- How to complete this task: Once the line with "Przed wstawieniem elementu" is found, write it out along with every line after it, exactly, up to the last line of the entries below. Exclude pictures.

Excerpts from a dataset
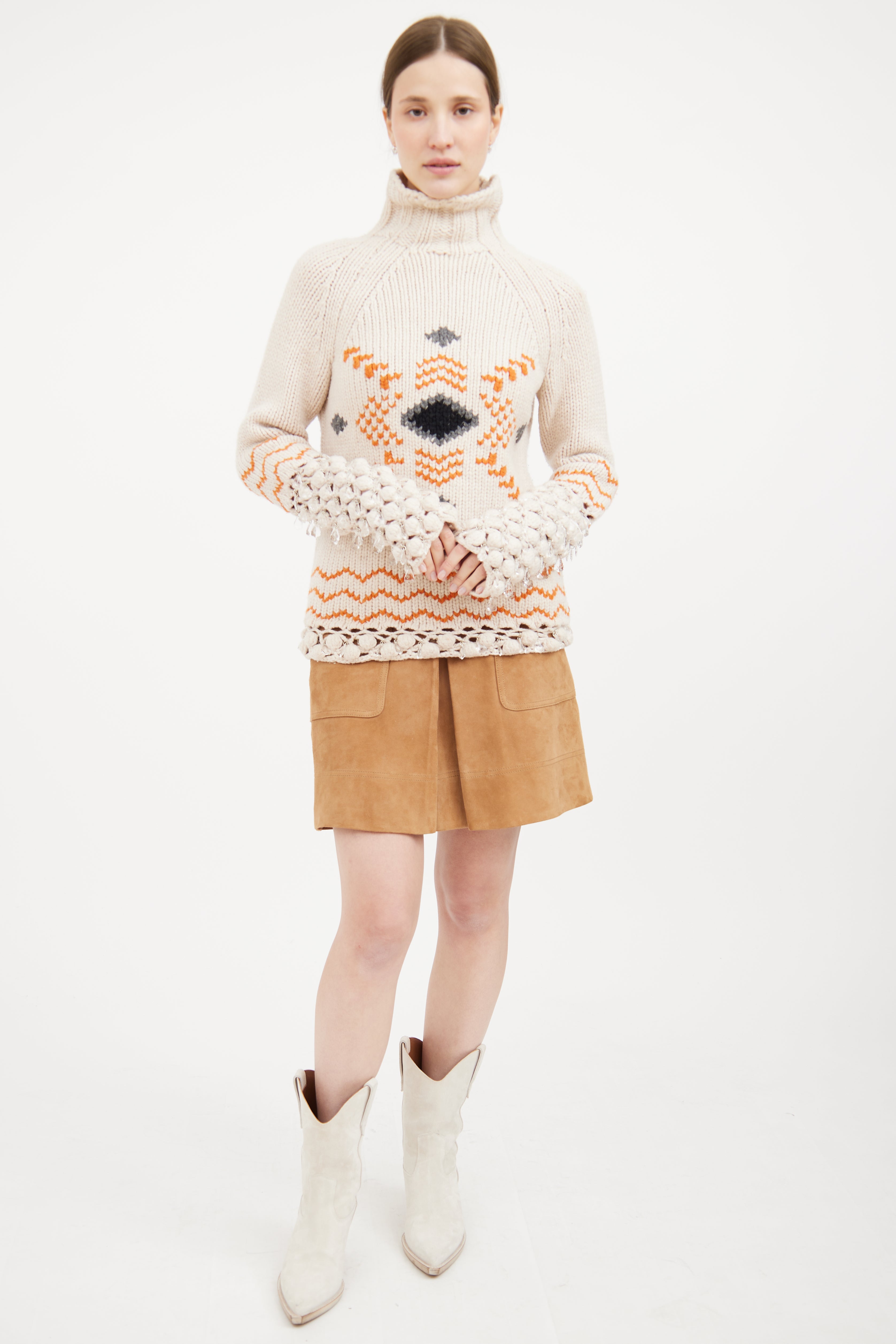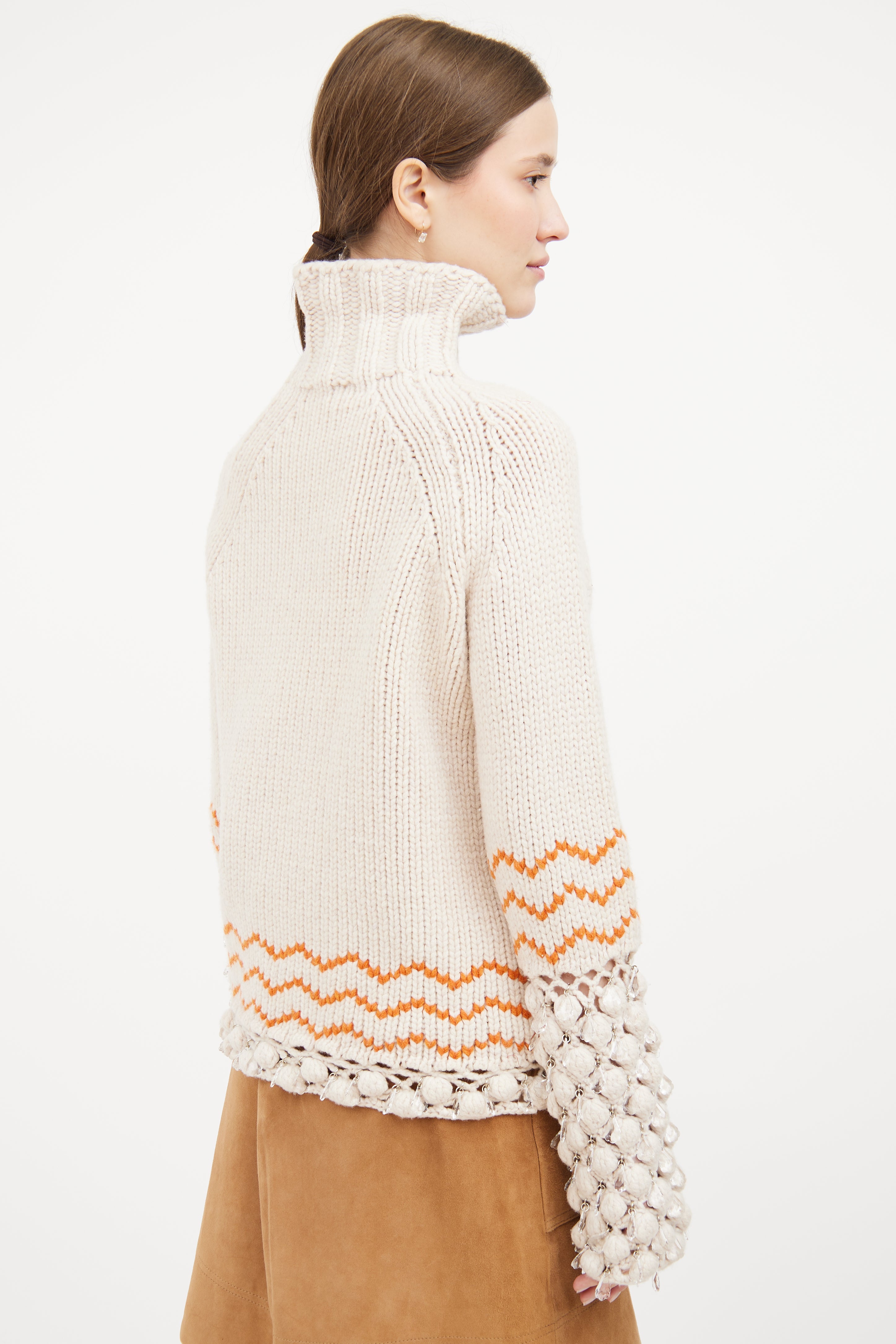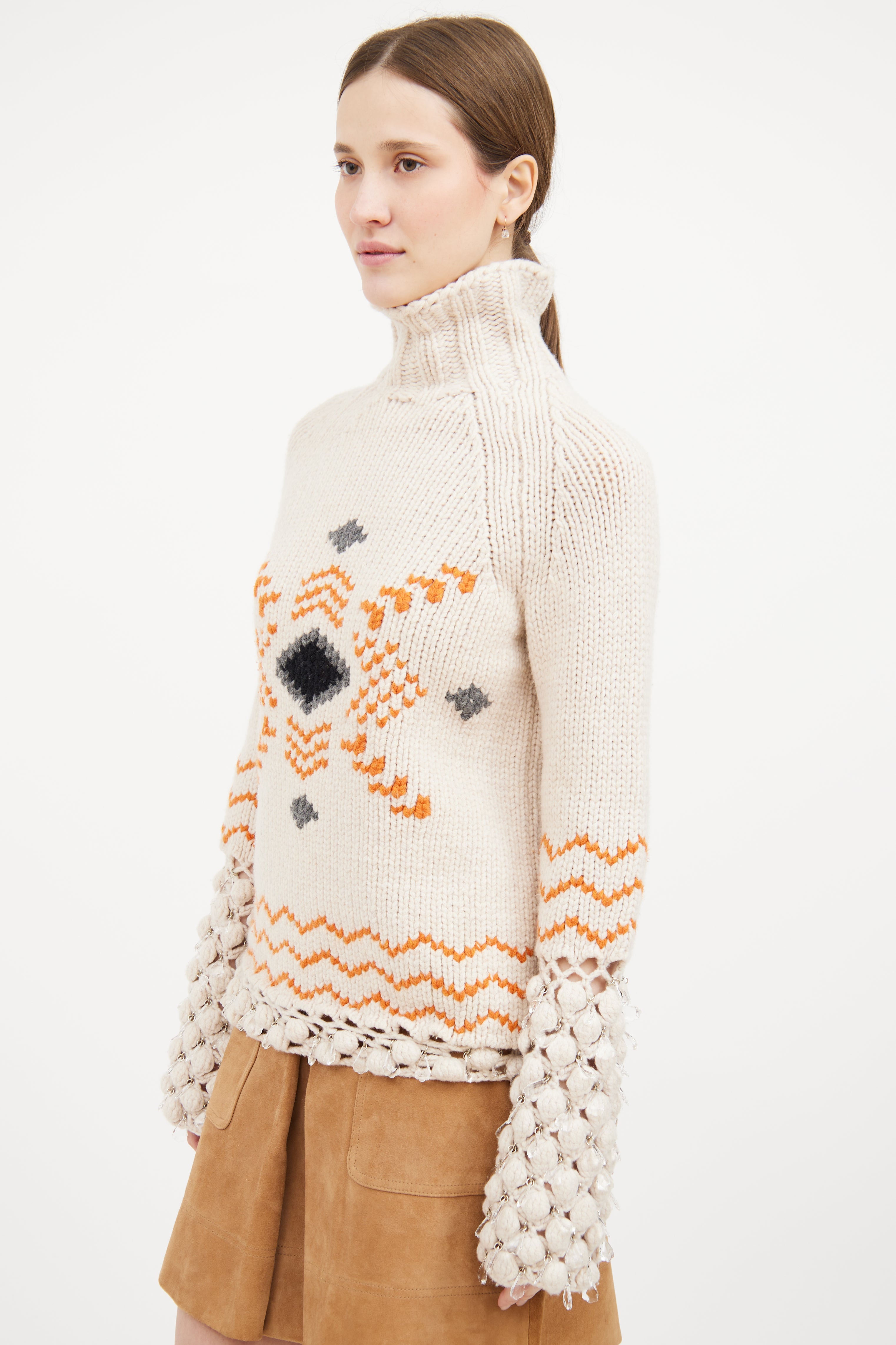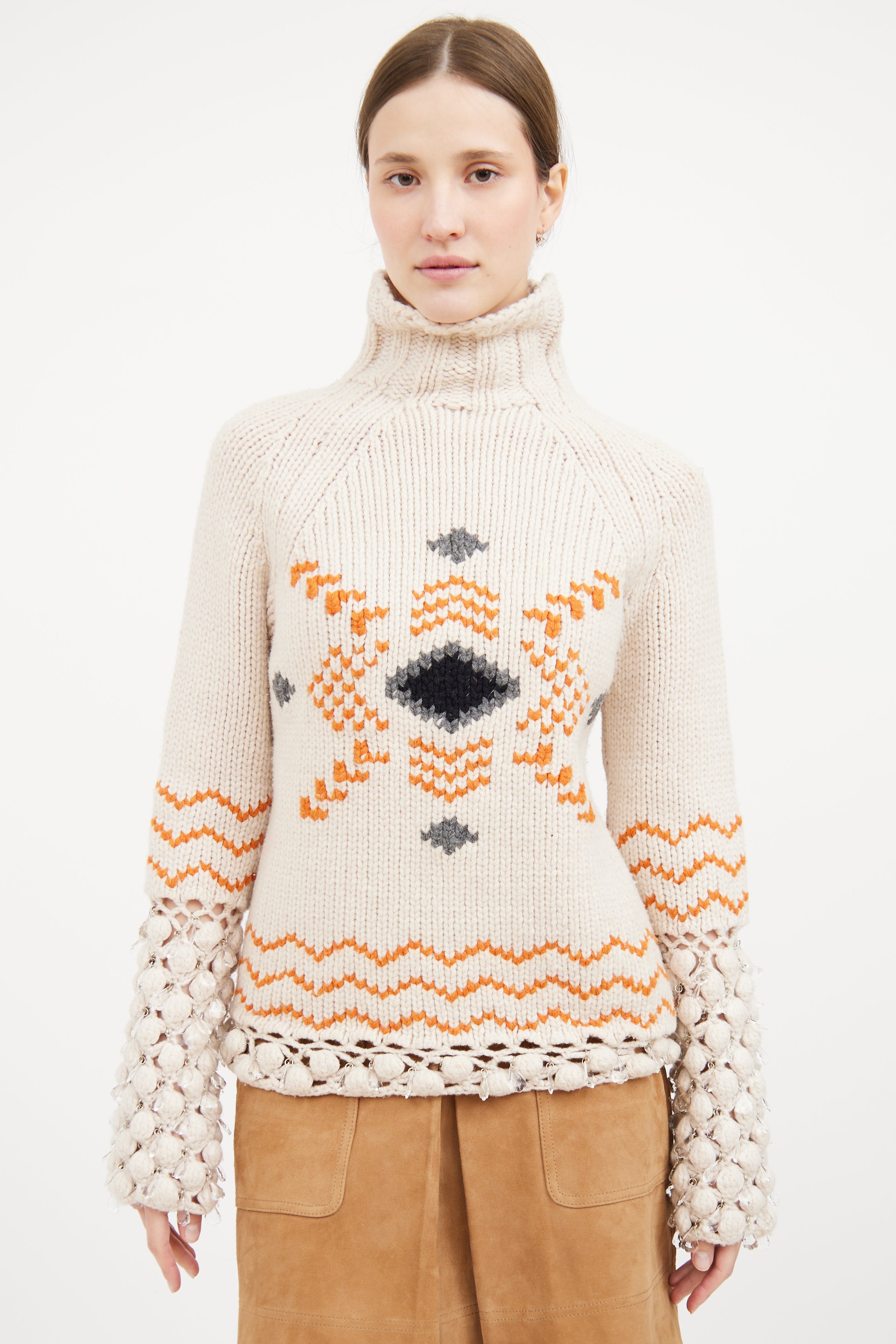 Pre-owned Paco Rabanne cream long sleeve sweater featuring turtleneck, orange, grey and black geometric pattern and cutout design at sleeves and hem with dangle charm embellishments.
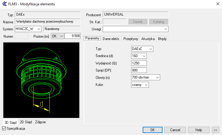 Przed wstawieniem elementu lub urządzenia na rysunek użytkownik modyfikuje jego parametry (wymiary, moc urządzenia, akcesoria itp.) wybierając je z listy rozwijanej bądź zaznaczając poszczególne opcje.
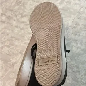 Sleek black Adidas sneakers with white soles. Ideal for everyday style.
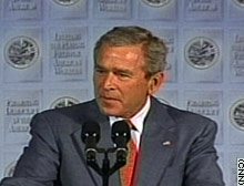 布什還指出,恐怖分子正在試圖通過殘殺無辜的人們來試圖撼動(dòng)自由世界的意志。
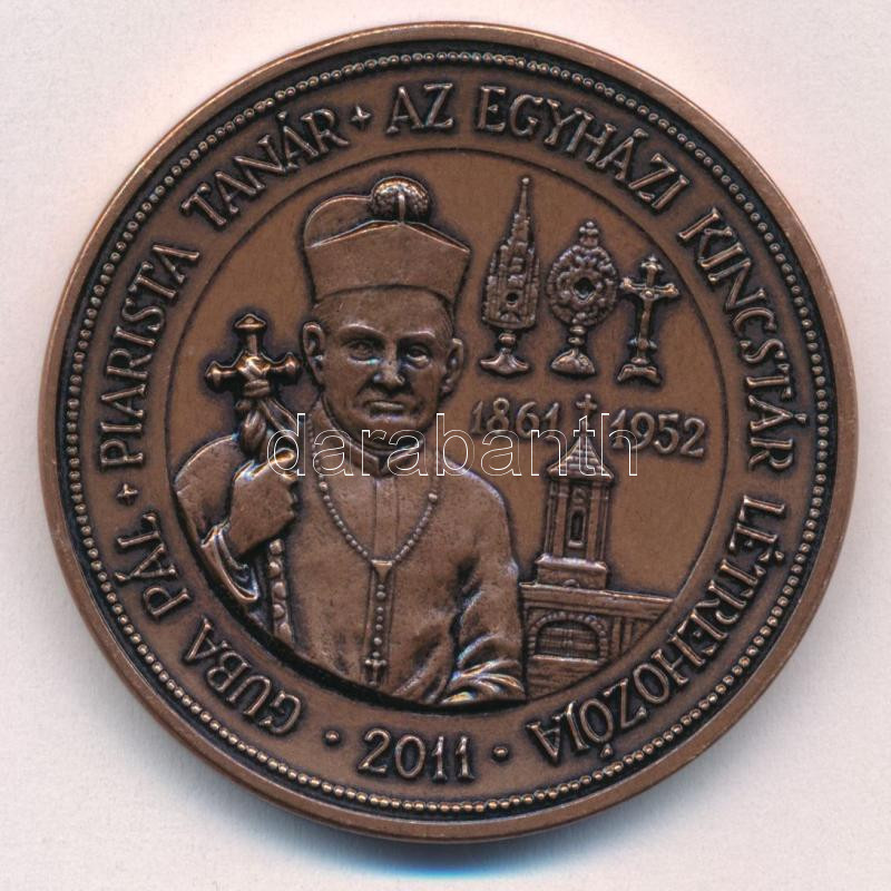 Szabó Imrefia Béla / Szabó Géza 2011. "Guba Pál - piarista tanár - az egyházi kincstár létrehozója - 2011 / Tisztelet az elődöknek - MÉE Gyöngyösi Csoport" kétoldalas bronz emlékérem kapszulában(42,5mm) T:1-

- Expected answer:
 Przed wstawieniem elementu lub urządzenia na rysunek użytkownik modyfikuje jego parametry (wymiary, moc urządzenia, akcesoria itp.) wybierając je z listy rozwijanej bądź zaznaczając poszczególne opcje.
 Sleek black Adidas sneakers with white soles. Ideal for everyday style.
 布什還指出,恐怖分子正在試圖通過殘殺無辜的人們來試圖撼動(dòng)自由世界的意志。
 Szabó Imrefia Béla / Szabó Géza 2011. "Guba Pál - piarista tanár - az egyházi kincstár létrehozója - 2011 / Tisztelet az elődöknek - MÉE Gyöngyösi Csoport" kétoldalas bronz emlékérem kapszulában(42,5mm) T:1-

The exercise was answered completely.